Tuesday, 10 April 2012

Schools of Thought

A recent BBC Question Time panel was asked what their opinion was on selective schooling and not a single member of the panel came out in favour of it.
This seems to prove that our professional politicians are out of touch with what the mass of ordinary people want, in this respect as in so many.
It was Labour who forced the whole state education system to go comprehensive. This has merely meant that elitism takes different forms. For those children whose parents can afford to move into the cachement area of a successful school, and those whose families can afford private school, a good education is usually available. For those who cannot, the comprehensive offers only a sink-or-swim education in a miscellaneous class where everything has to be "dumbed-down" to the lowest level. Well, nearly the lowest. Labour did everything it could to close down schools for ESN pupils, and incorporate them in the mainstream, insisting that "one size fits all". This was a nightmare for teachers and it was useless for the ESN pupils as well.

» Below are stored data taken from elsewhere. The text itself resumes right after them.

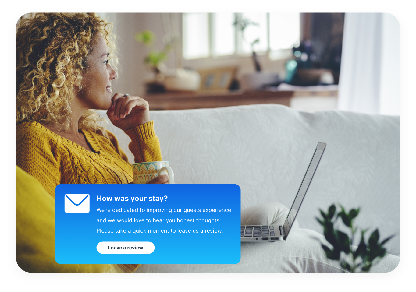 With your post-stay email, you are able to incentivize repeat guests along with collecting reviews from past guests which will increase your bookings and your revenue.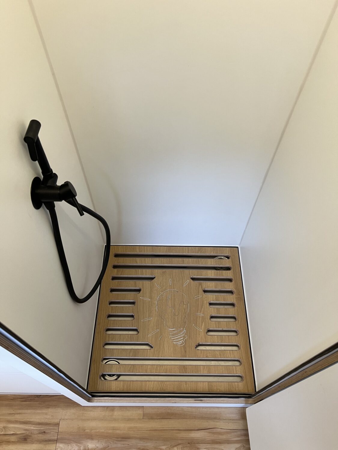Es ist eine Dusche verbaut. Das Abwassersystem läuft gemeinsam mit der Waschbecken über eine Zerhackerpumpe.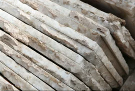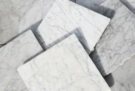 De randen zijn nog schuin bekapt, waardoor je goed kunt zien hoe oud deze vloer is. Deze oude marmeren vloer kenmerkt zich door een mooie schakering van wit-tinten.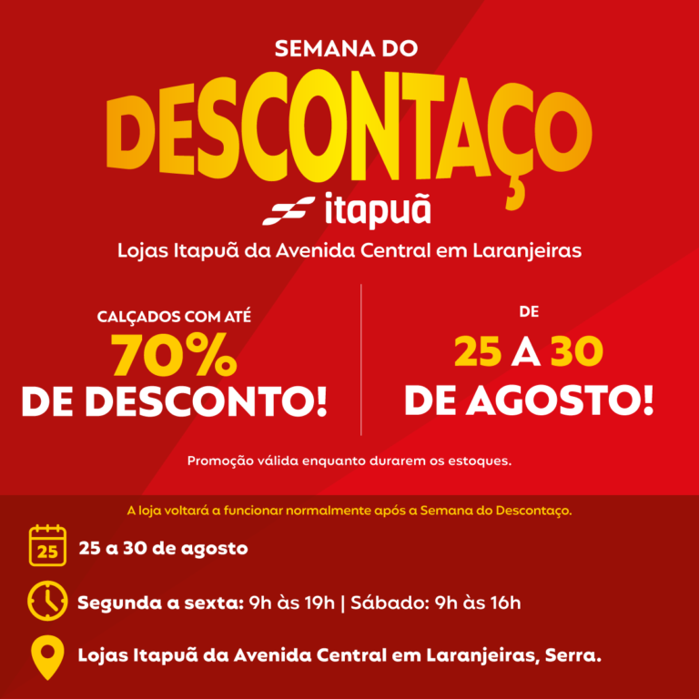 🎉 Chegou em Serra! Semana do Descontaço Itapuã traz até 70% OFF em calçados para toda a família! 🎉 Se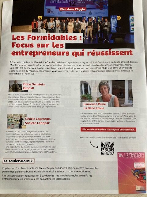 Merci Le Mag de l'Agglo de Saintes Grandes Rives pour son focus sur Les Formidables lancées par Sud-Ouest qui a récompensé La Belle Etoile dans la catégorie "Entrepreneurs" :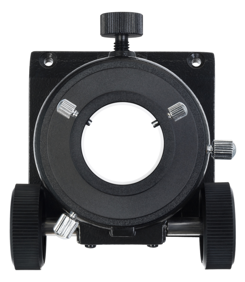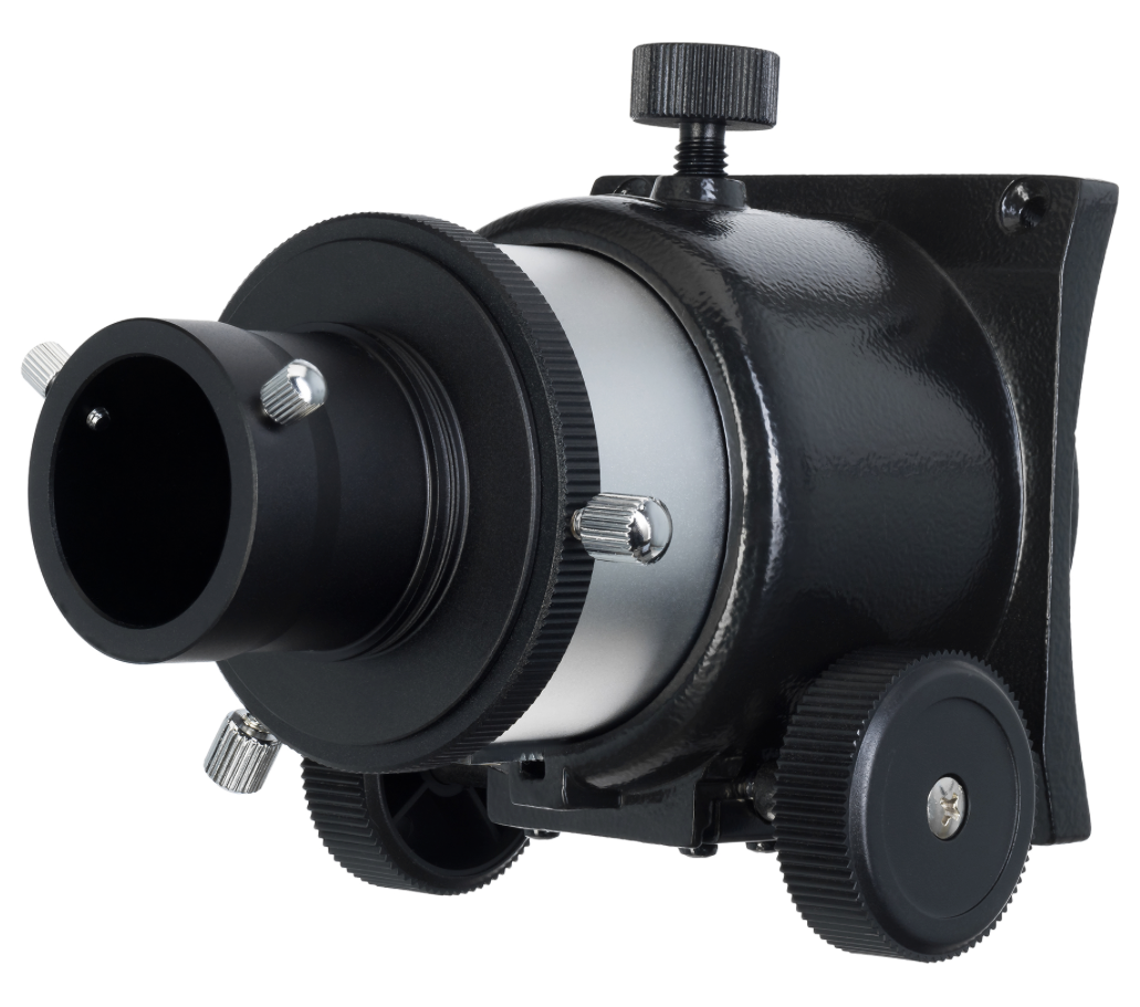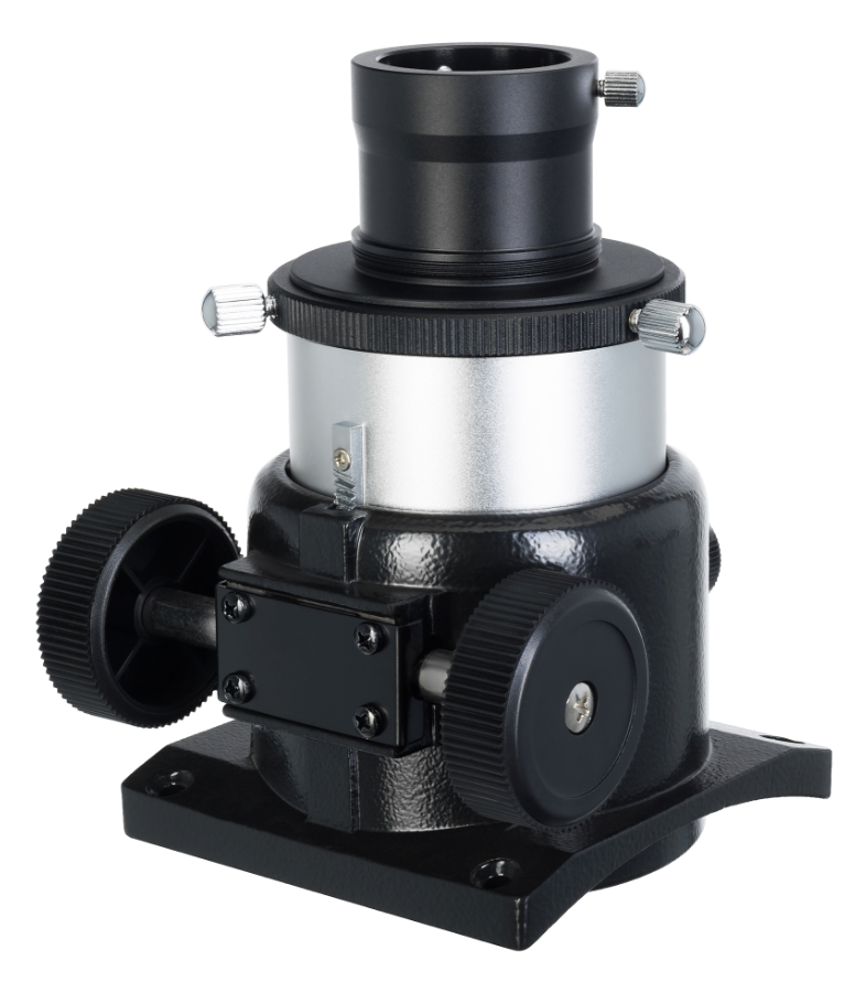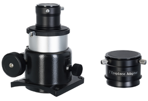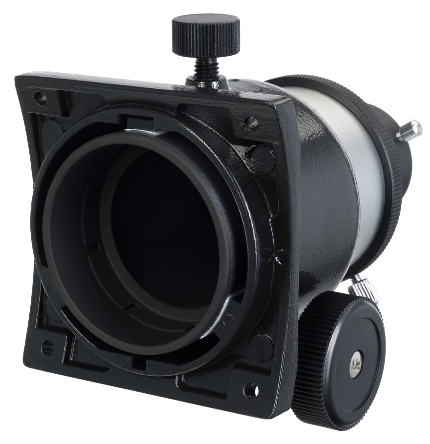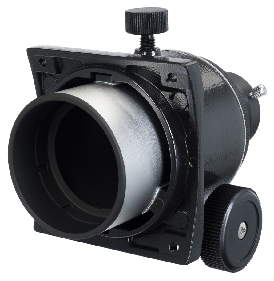 Фокусер служит для крепления окуляра в трубе телескопа и наведения резкости изображения. В основе механизма лежит система реечной передачи: две трубки разного диаметра, меньшая из которых имеет зубчатую рейку и вставлена в трубку большего диаметра. Та, в свою очередь, оснащена зубчатым колесом. При вращении ручки фокусера малая трубка перемещается и смещает окуляр. Такой механизм создает достаточно плавное для любительских и бюджетных телескопов движение оптической трубки. Посадочный диаметр фокусера – 2 дюйма, в комплект входит адаптер с 2 дюймов на 1,25 дюйма, что позволяет использовать устанавливать в фокусер окуляры с любым посадочным диаметром.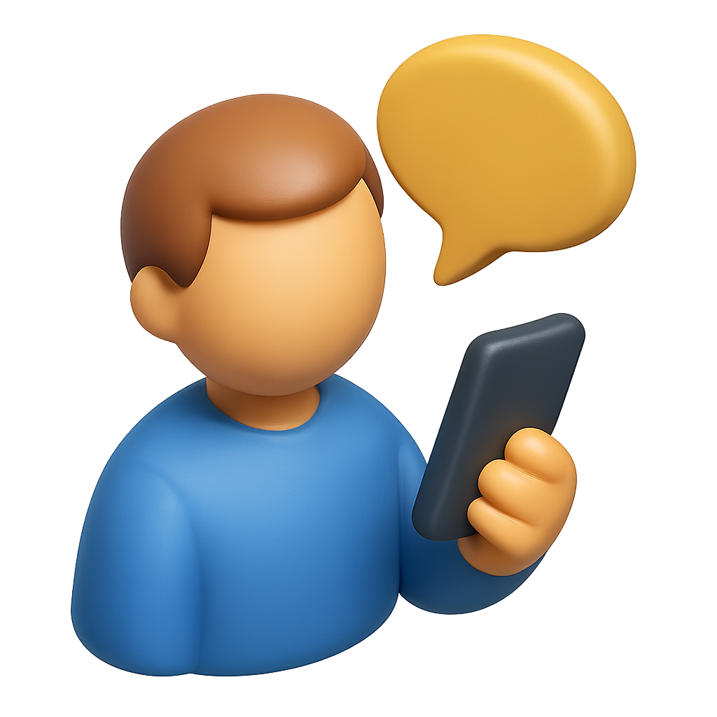 3D Icon of Person Holding Device with Speech Bubble
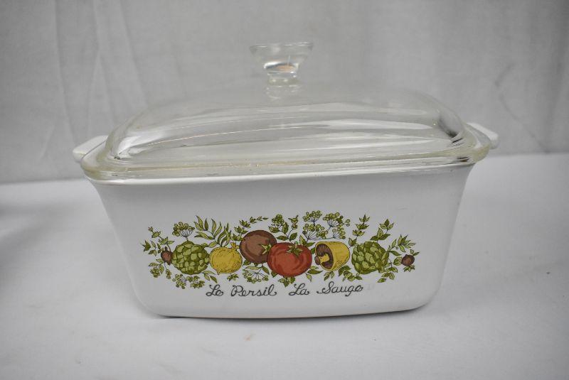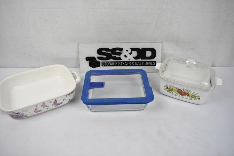 3 pc Kitchen Glass Bakeware: Butterflies, Pyrex, Vintage Corning Ware

In the post-war period, Britain had a series of Prime Ministers who had been to grammar schools. The last one was John Major. Since then, there has been a noticeable lurch back in direction of rule by public-school educated leaders. The reason is obvious - pupils from comprehensives are far less likely to get into university and develop the sort of skills needed to become an MP. The comprehensive system has actually reduced social mobility. We have had to resort to imposing quotas for state-school pupils admission at universities. There could be no stronger proof of the failure of the comprehensive system - unless it is that the new academies and "free schools" being set up across the country are finding that they are swamped with applications. They are not called "grammar schools" but what does that matter? A selective school, or a streamed school, does not have to follow an old-fashioned curriculum. It does not have to teach Latin or Greek. It would be something if we could at least raise the study of modern languages above the abysmal level to which Estelle Morris and the comprehensive system have let it sink.
The parents who are jostling to get their children into the new academies and free schools should ask why they have no politicians who represent their views. The LibLabCon are unanimous in supporting the comprehensive system (although most of them get round it when it comes to their own children. Tony Blair and Nick Clegg wriggled out by sending their offspring to Catholic schools - slick move!).
If you want to vote for a party that will give back a chance of first-rate education in the state system and social mobility for the bright child of poor parents, vote UKIP.